Mark Miller commented on CONNECTORS-56:
---------------------------------------

bq. HTTP methods other than GET or PUT are in fact poorly supported in many HTTP clients, including Apache Commons HTTPClient.

That's untrue.

bq.  I am also unsure of whether Jetty supports the DELETE method at the servlet level.

Jetty has no issues with DELETE, POST, PUT, or GET. Nor does Tomcat or any other container I have seen.

bq. I therefore think your suggestion would potentially cause a great deal of headache for no tangible benefit.

Again, I don't agree - it would cause less headaches, as REST is somewhat of a standard rather than an ad hoc api. There are many advantages to having a consistent RESTful api.

> All features should be accessible through an API
> ------------------------------------------------
>
>                 Key: CONNECTORS-56
>                 URL: https://issues.apache.org/jira/browse/CONNECTORS-56
>             Project: Apache Connectors Framework
>          Issue Type: Sub-task
>          Components: Framework core
>            Reporter: Jack Krupansky
>            Assignee: Karl Wright
>
> LCF consists of a full-featured crawling engine and a full-featured user interface to access the features of that engine, but some applications are better served with a full API that lets the application control the crawling engine, including creation and editing of connections and creation, editing, and control of jobs.
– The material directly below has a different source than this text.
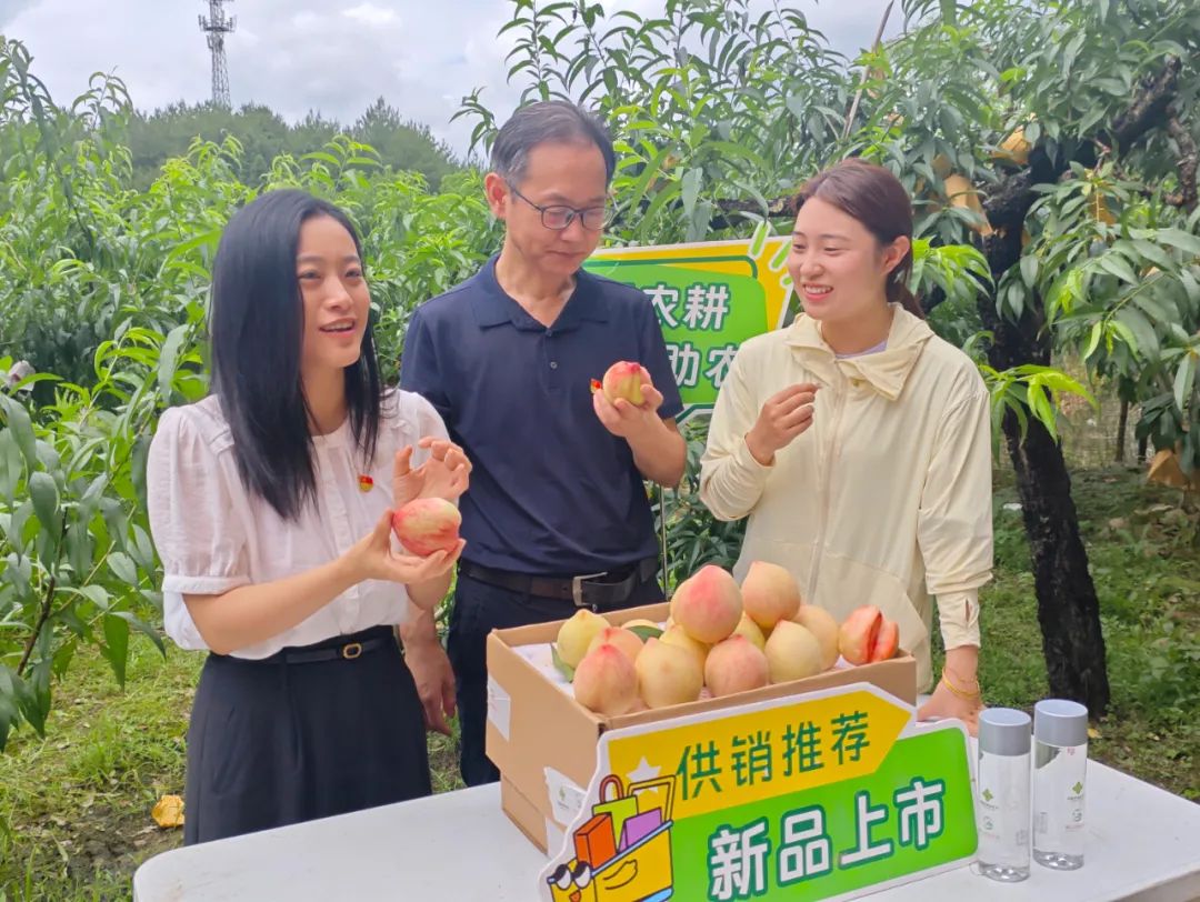 五里桃园内,新上市的 “里红桃” 挂满枝头,果香四溢。黄山供销优选敏锐捕捉市场需求,再度聚焦五里桃园,全力帮助农户销售这一特色水蜜桃品种。与前3站活动相比,此次助农行动在销售模式上实现创新升级。除了依托自身线上平台开展直播团购销售,以线上流量吸引消费者外,公司还积极协调对接合肥农产品供应链公司到现场进行收购。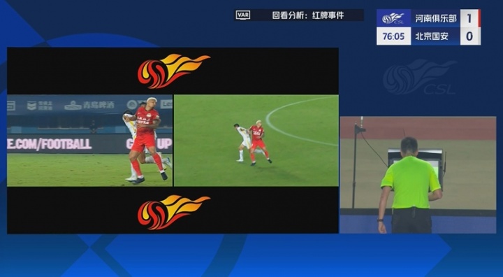 王刚无球状态下击打卡多索面部,主裁判看过VAR后处以黄牌警告

Put simply, everything that a user can accomplish via the LCF UI should be doable through an LCF API. All LCF objects should be queryable through the API.
> A primary use case is Solr applications which currently use Aperture for crawling, but would prefer the full-featured capabilities of LCF as a crawling engine over Aperture.
> I do not wish to over-specify the API in this initial description, but I think the LCF API should probably be a traditional REST API., with some of the API elements specified via the context path, some parameters via URL query parameters, and complex, detailed structures as JSON (or similar.). The precise details of the API are beyond the scope of this initial description and will be added incrementally once the high-level approach to the API becomes reasonably settled.
> A job status and event reporting scheme is also needed in conjunction with the LCF API. That requirement has already been captured as CONNECTORS-41.
> The intention for the API is to create, edit, access, and control all of the objects managed by LCF. The main focus is on repositories, jobs, and status, and less about document-specific crawling information, but there may be some benefit to querying crawling status for individual documents as well.
> Nothing in this proposal should in any way limit or constrain the features that will be available in the LCF UI. The intent is that LCF should continue to have a full-featured UI, but in addition to a full-featured API.
> Note: This issue is part of Phase 2 of the CONNECTORS-50 umbrella issue.